Елена подержала, и руки у нее уже не дрожали, только приближаясь к нему она подходила будто к печке, и в грудь ей бросалось горячее. Кажется, они еще долго говорили, точнее, Ежи говорил, рассказывал о своих страданиях и местах, где он мучился, но зарабатывал; нигде он не задерживался долго, и всё рано или поздно заканчивалось скандалом, а то и дракой с кем-нибудь. Каким-то углом своего разума Елена думала: не простой же у него характер, не уживается ни с кем, дядьку до белого каления доводит, - но ничего уже не было для нее более ценного, чем он, и она слушала со всем вниманием, подхватывая каждое его слово. И время их прошло незаметно, как в комнату уже ворвалась тетка, тут же смерив обоих застуканных черным взглядом. Елену она прогнала, а потом весь день грызла за то, что «упустила все-таки, хмарь болотная, отвар на плите», и Ежи ругала, поражалась все, каким надо быть идиотом, чтобы опять...
Как Рогатиха в один миг обо всем догадалась, Елена не знала, ведь на другой день внешне была она все та же, тихая, спокойная, не больше и не меньше. Только чаще выходила на холод в прихожую к окошку, но тетка раньше никогда не корила ее за это – сиди где хочешь, делай дело, молчи только. Как Рогатиха догадалась? – но только теперь не упускала случая обругать Ежи в ее присутствии и попрекнуть племянницу тем, что та «будто ждет кого-то, а приходит молодой в дом – выскакивает, мол, вот она я какая!».
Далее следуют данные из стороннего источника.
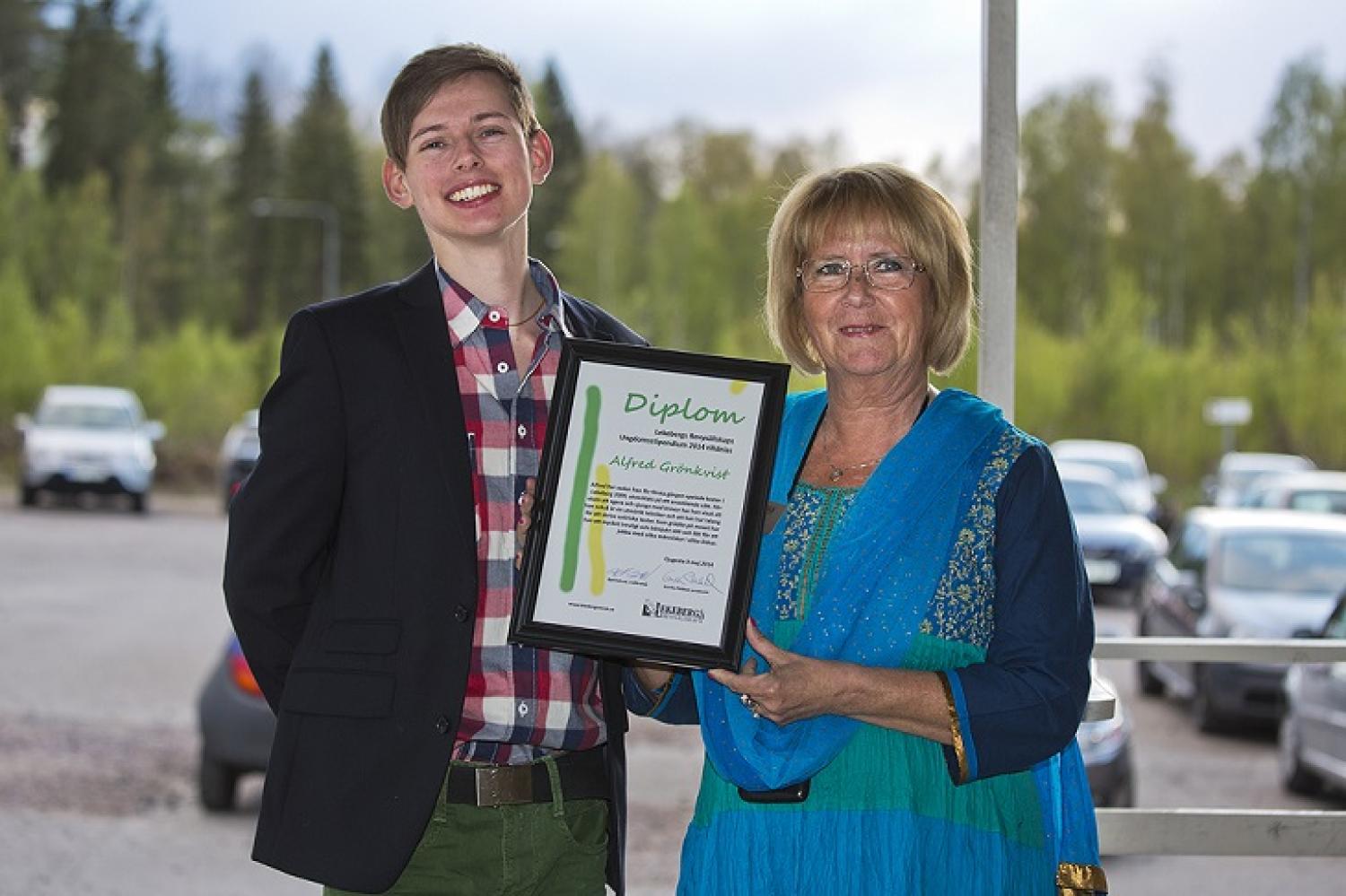 Alfred Grönkvist fick Lekebergs Revysällskaps pris av Gunilla Pihlblad. I sommar spelar han på Lerbäcks teater i Djungelboken. Foto: Sune Eskelinen
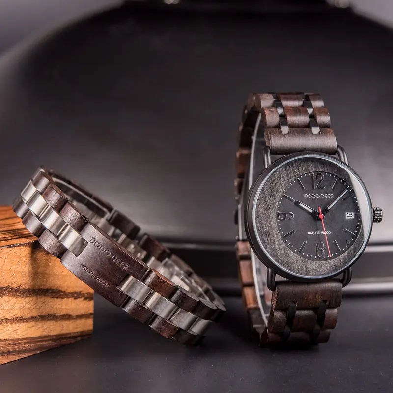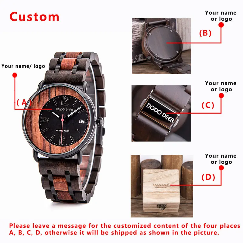 Индивидуальные Можно гравировать на деревянной бирке с именем, инициалами или специальным словом. Напишите на кассе или столбике сообщения, что вы хотите выгравировать. Посылка включает в себя: 1 x часы 1 x браслет 1 x набор инструментов регулировки 1 x Подарочная коробка Мужские часы/мужские часы
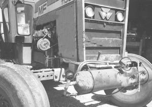 "We built the first one out of odds and ends five years ago and it worked so slick, we've put them on two more of our tractors by this time," Franklin says. "We started with a single-piston air compressor we got out of a junked Ford car. We mounted it on a bracket we made out of scrap iron and bolted it to the tractor frame near the alternator so the compressor could be belt driven off an existing extra pulley on our Massey tractors. We mounted a 7-gal. air tank off the air brake system from an old semi tractor/trailer on front of the tractor and plumbed the intake side, which is fitted with a small filter, underneath the hood and the pressure side to the tank with hydraulic hose. We installed a 1/4-in. dia. ball valve just before the pressure hose to prevent air leaking out loose chucks. We installed a pressure gauge on one end of the tank so we can see from the cab the amount of pressure in the tank. We in-stalled an electronic automatic pressure switch on top, which connects with a switch in the cab we use to turn the unit off and on.
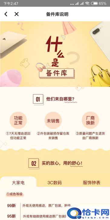 此外,拍拍二手还建立了京东配件库。从备件库说明以及商品介绍上看,我们可以看出里面的商品都是来自京东自营的,只是存在着一点外观上的瑕疵。而且,搜索后我们发现,里面的商品几乎都是9成新以上的,甚至有不少是9.9新的商品。
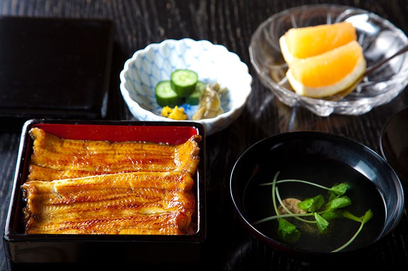 Unajū, anguila abierta y asada con salsa de soja kabayaki servida sobre arroz cocido en un recipiente lacado con forma de caja, desde 4.095 yenes. Comienzan a asar el pescado justo después de realizar la comanda, por lo que tardan unos treinta minutos en servirlo. Mientras se espera, se recomienda tomar como aperitivo sake y unas brochetas de vísceras de anguila (kimoyaki, 1.260 yenes), entre otros.
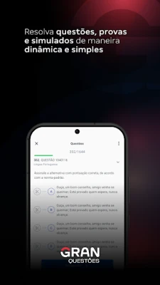 Na Gran Cursos Online, somos movidos pela convicção de que a tecnologia é a chave para democratizar o conhecimento e catalisar transformações significativas na vida das pessoas. Com o App de Questões Gran Cursos Online, materializamos essa crença, oferecendo um arsenal completo para que você conquiste a tão almejada aprovação em qualquer certame ou na OAB. Prepare-se com um vasto repositório de provas passadas, simulados desafiadores e milhares de questões criteriosamente selecionadas, muitas delas acompanhadas de comentários detalhados tanto por nosso corpo docente especializado quanto pela comunidade de alunos, enriquecendo a perspectiva de aprendizado. Sua jornada de estudo agora tem um parceiro estratégico e inovador.
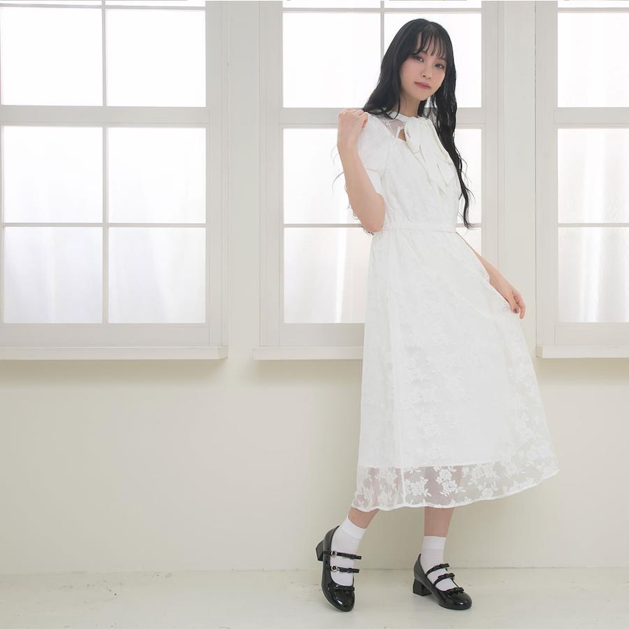 レースの透け感と大きめのリボンで程よい肌見せが叶います。
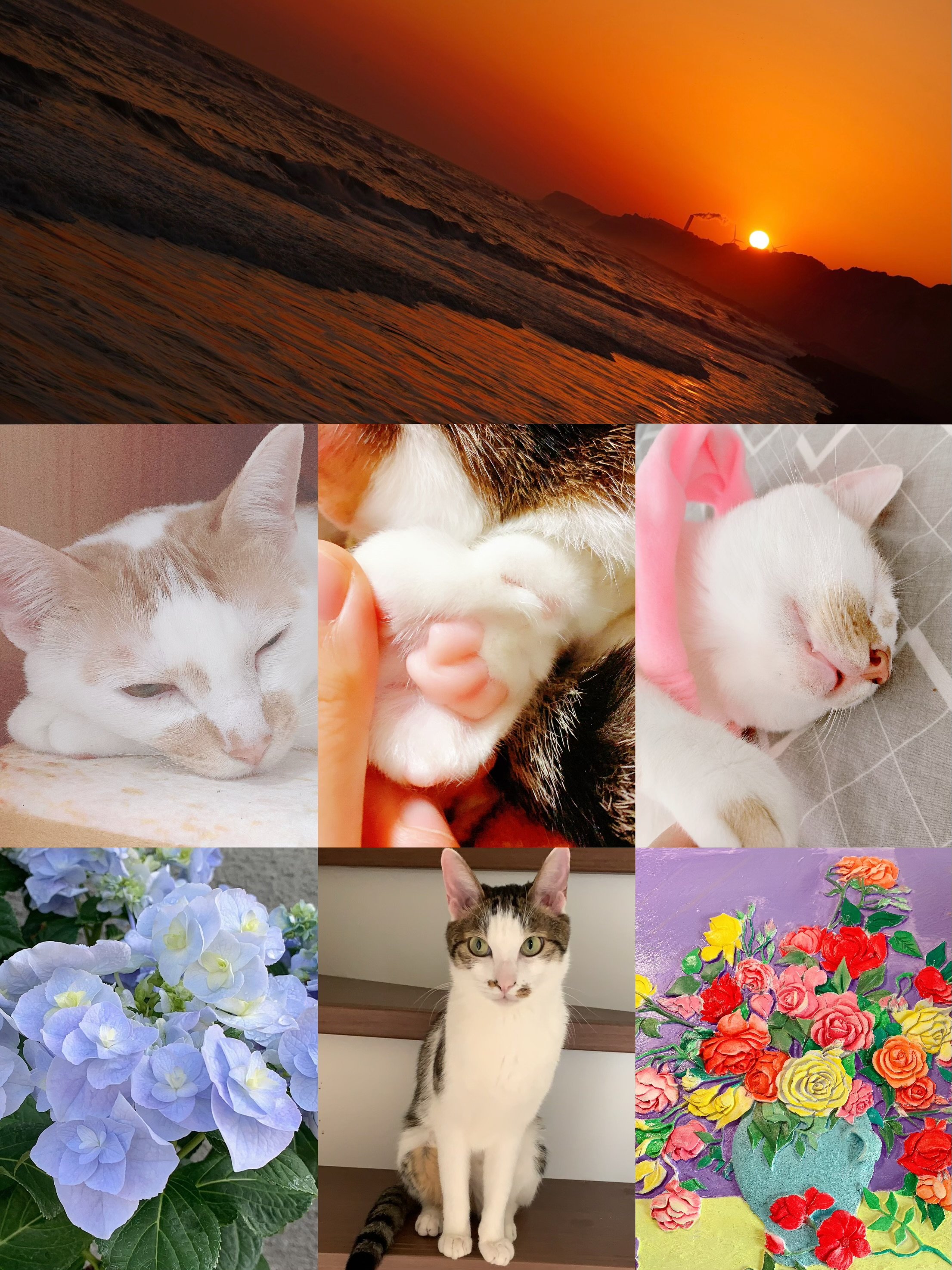 一番上の夕焼けの海岸、すごく綺麗ですね。

Еленка утерла лицо, уже, впрочем, сухое, но красное от слез, и встала на стульчик у окна. Ничего не происходило, снег замел дом до самой крыши, и соседская дверь была, кажется, совсем заперта. Но в мечтах Елены Ежи будто бы вернулся домой, опять больной, и сейчас придет к ним. Про то, что тетка зла и ссора у них, она словно на время забыла, и шла дальше по чудесному миру. Ей как наяву виделось, что Ежи с мороза залетает в дом, а Ступина сидит у очага или же работает; Еленка почти слышала о чем они говорят, видела лицо Ежи и его встрепанные темно-рыжие волосы. (За рыжину тетка еще больше ругала его.) Глаза на замерзшем красноватом лице казались темными дырами. Опять что-то случилось, - на достоверность и подробность девушка не тратила фантазии, - и плотник ругается и выталкивает парня на улицу, идти с поклоном к колдунье-аптекарше. Елена так бы сразу и подскочила на месте, рванула к зеркалу – не сбился ли пучок, чисто ли платье. И ждала бы. Как всегда ждала...
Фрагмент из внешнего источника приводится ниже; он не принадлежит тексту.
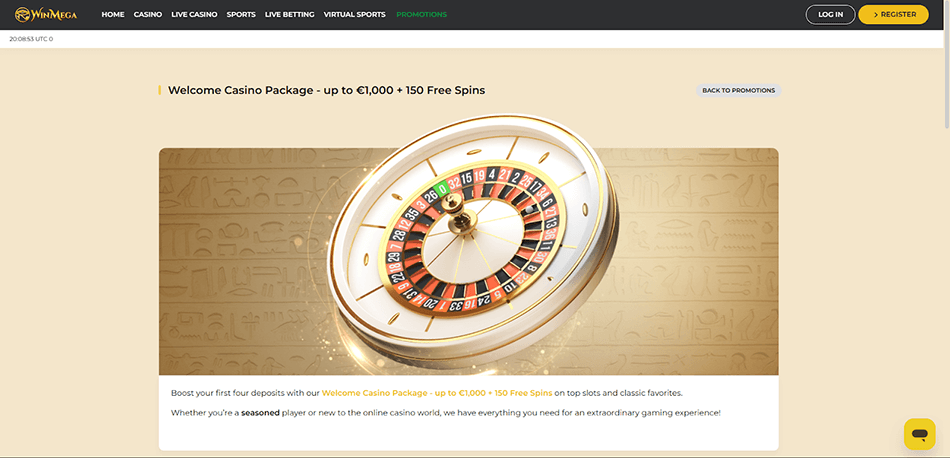 Win Mega offers a welcome package of up to €1,000 and 150 free spins on six different games over the first four deposits. I’ve broken it down below.
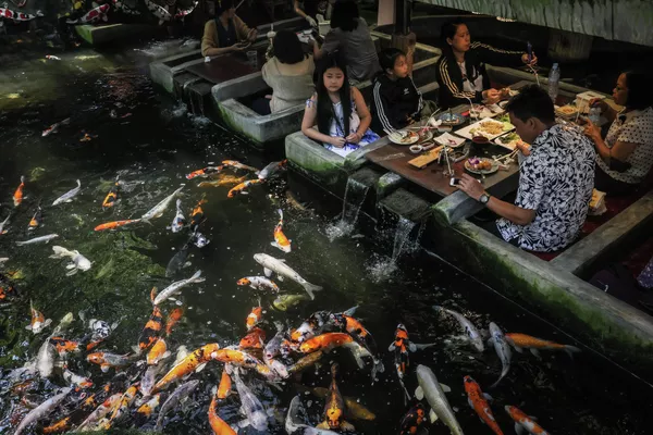レストランの池で泳ぐ鯉を眺める客(タイ・チェンマイ、12日)
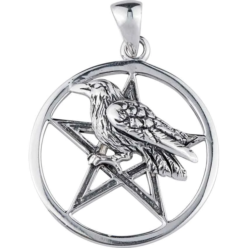 Ravens are classic totems of magic and mystery. The White Bronze Raven Pentacle Pendant combines this clever bird with a traditional symbol of the five elements and mystical forces of the universe in a striking design. Many people associate the raven with death and bad omens, but the curiosity and intelligence of the raven are the true source of its power. Ravens are cunning and opportunistic, never missing the chance to grab a meal or entertain themselves with a new trinket. Carefully crafted from fine white bronze, this raven pendant displays the bird as it perches in the center of a pentacle, making this piece the perfect option to add to Wiccan styles. The pentagram pendant hangs from a bail, so it is simple to string the design from the chain or cord of your choice.
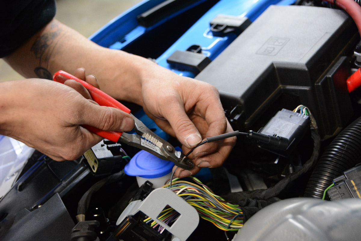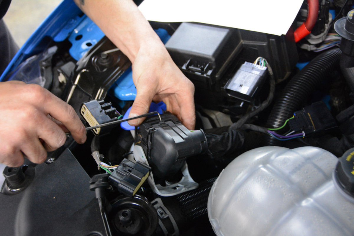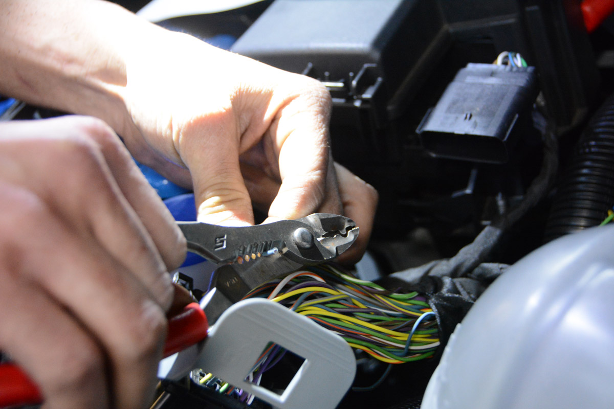 In order to tie into the car’s ECU wiring harness, Joey removes the large connector that resides under the fuse panel. A pick tool is used to open the connector and gain access to the bundle of wires.

Но в доме напротив никого не было, и за окном только сильнее валил снег... Тетка по своей привычке, очнувшись, приободрившись, принялась громко причитать, поминутно упрекая племянницу и поминая перед господом в не самых теплых словах. Минуты Еленка терпела, а потом снова – как-будто тяжелый каблук Рогатихи наступил ей на грудь, - расплакалась, застыв на коленках перед окном, как перед святым образом. Все мечты ее рабивались на куски, и ничего не было у нее на самом деле. Теперь, во время очередного скандала с теткой, ей хотелось сбежать подальше, хотя бы мысленно... Другая на ее месте спряталась бы за воображаемую спину матери, но у Еленки не было и этого убежища. Она похолодела, замерла, и воспоминания ошарашили ее.
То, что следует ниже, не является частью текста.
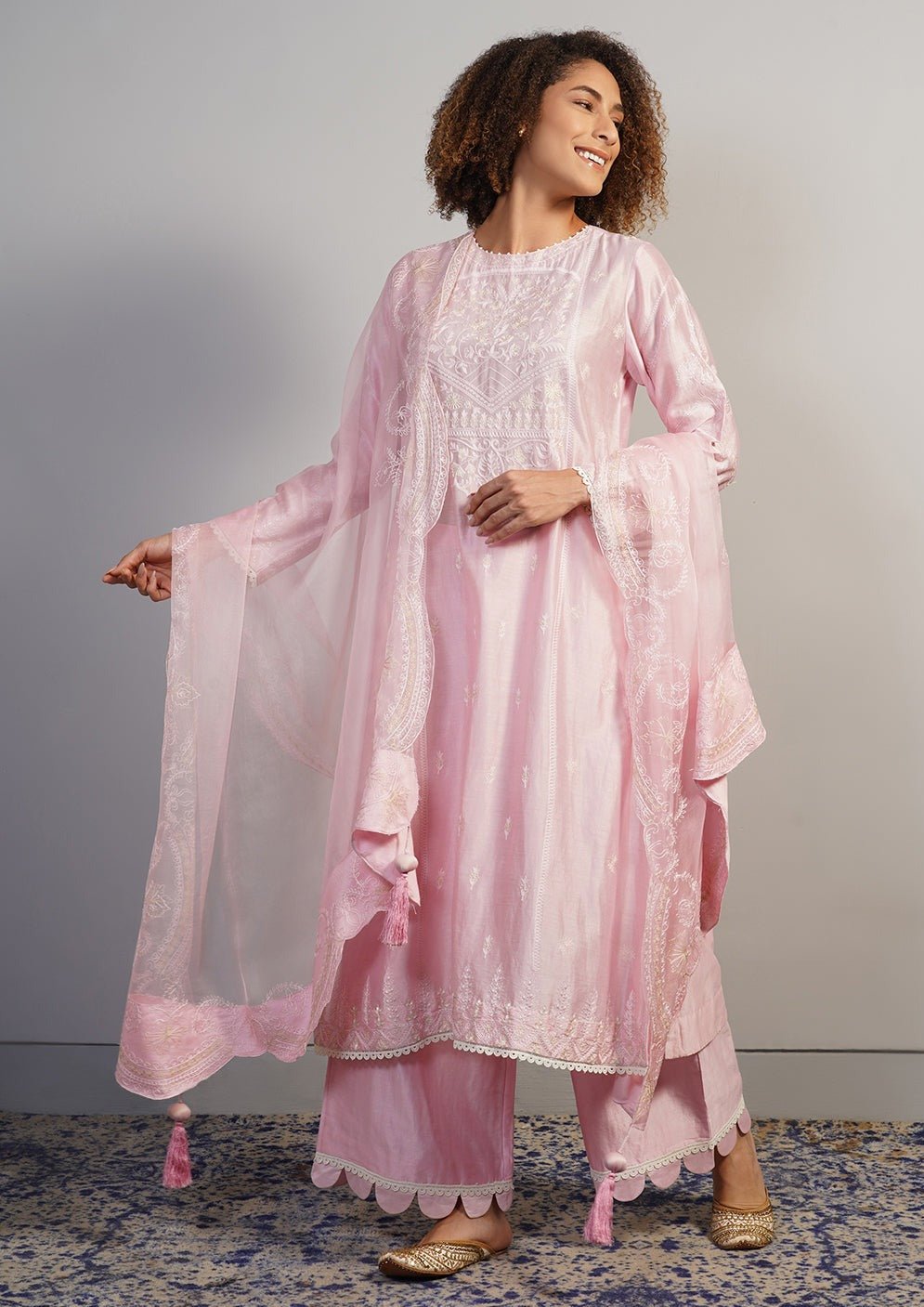 A beautiful baby pink cotton silk suit set in zero neck, adorned with intricate Aari work in white silk yarn. The pants are scalloped on the hem. Completing the ensemble is an organza Dupatta with Aari work and latkans on the b...

Мама умерла уже давно, умерла в мире и в душе своей дочери. Все детство Еленки было залито кровавыми слезами матери, потому что отец исчез в лесах, когда Еленка была совсем малышкой. Мать не верила тому, и ждала, что он вернется, вернется от какой-то женщины, «страшной ведьмы», укравшей у нее мужа. Увещеваниям тетки Рогатипхи она не верила, даже когда та кричала на нее и била по щекам, чтобы «образумить несчастную». Пару лет назад она убедилась, что никто не верит ей, и, оставив тринадцатилетнюю дочку с бабушкой, отправилась на поиски сама. За годы страданий она почти потеряла человеческий облик: губы, красные и опухшие, запавшие глаза и кожа, расцарапанная в душевной муке. В лесу какие-то мужики, вооруженные осиновыми колами, идущие на всем известную страшную дичь, приняли Еленкину маму за ведьму и кровопийцу, и убили ее там же, трижды вонзив в нее кол и окропив святой водой. Потом девочку отправили все-таки в город к тетке, где она жила так тихо и немо, ничего не желая, ни к чему не стремясь.
А теперь она стояла и целовала окошко, как икону, уверенная, что никто не может ее сейчас увидеть; она целовала окно и свои руки, представляя наивно, что это его руки, порезанные и забинтованные, потому что чудесный миф о Ежи был единственным местом, где она жила и верила по-настоящему, а этот парень был единственным человеком, в плечо которому она плакала, хоть он и не знал об этом.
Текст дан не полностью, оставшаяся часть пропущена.